Well this thread started getting ugly for a little while, but I'm glad it's back on track now, and I've been reading it with a lot of interest.

There are some great ideas here and I hope that one day they (or at least something similar) gets added, though I agree with what Capntastic said, that lots of other issues are going to take priority before Toady can get around to balancing the middle and late game. (The beginning game should be, and actually is fairly easy to get the hang of...I think most of the learning curve has more to do with the somewhat clumsy and complicated interface than with any real in-game threats to your dwarves.)

Once you get your fortress established, everything gets pretty tame. Gone are the days when I used to stress about nobles and migrants and micromanaging every little thing. In fact I'm running it in the background while I type this, just like it was when I left to eat dinner earlier, and I know nothing that isn't equally fixable is going to go wrong in the meantime.

I've pretty much gotten to the point where I follow the exact same strategy every time, and there's never anything there to really shake things up or force me to adapt on the go. Hitting a cluster of gems or a vein of ore when I'm carving out my perfect dining room is more distressing to me than most invasions.

The demons used to terrify me, and for the longest time I was afraid to cross the lava, but now I've got killing them down to step by step process, and even that challenge is gone.

I hate to say it, but I'm getting a little burned out on the game in its current form.
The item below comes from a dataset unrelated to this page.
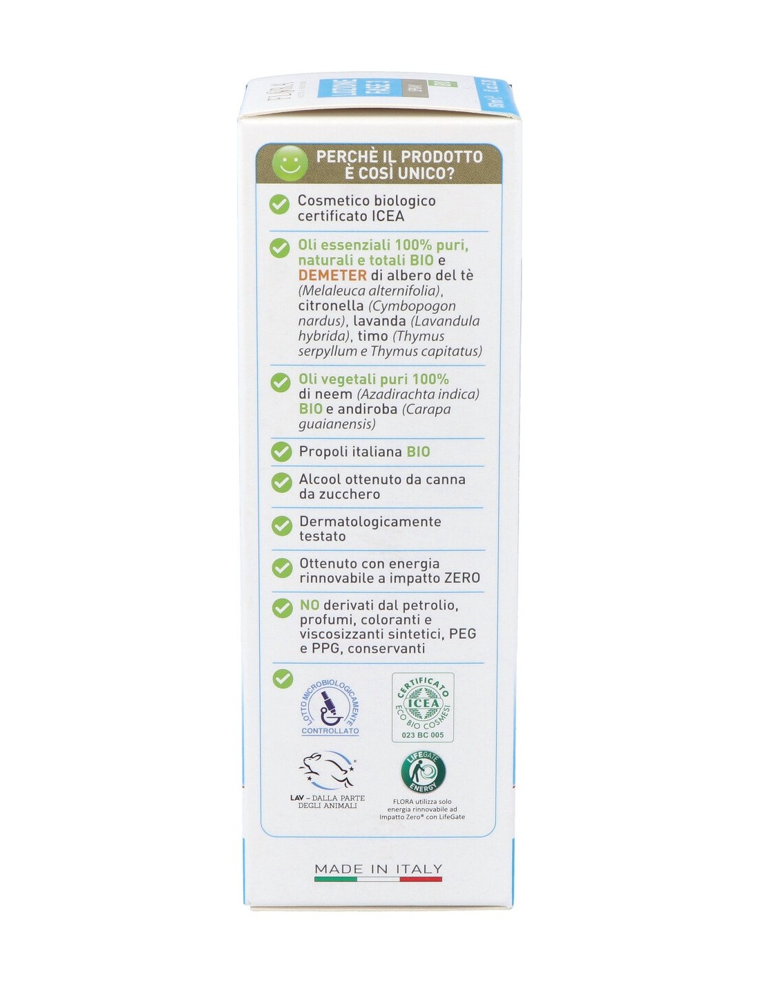 Aqua, Alcohol Denat., Caprylyl/Capryl Wheat Bran/Straw Glycosides, Fusel Wheat Bran/Straw Glycosides, Polyglyceryl-5 Oleate, Sodium Cocoyl Glutamate, Glyceryl Caprylate, Propolis extract*, Carapa guaianensis seed oil, Melia azadirachta seed oil*, Melaleuca alternifolia oil*, Lavandula hybrida oil**, Cymbopogon nardus oil*, Thymus vulgaris oil*, Origanum vulgare oil*, , Glycerin, Linalool, Geraniol, Limonene, Coumarin, Eugenol, Citronellol*, Farnesol.

My last couple of fortresses were abandoned out of boredom, and most of the entertainment I'm getting out of it these days comes from deliberately crippling myself and just generally making up the weirdest variants I can think of.

Sure, fending off an invasion can be fun, killing demons can be fun, but I just wish that one success didn't mean you were always going to succeed from then on out as long as you kept doing what you were doing.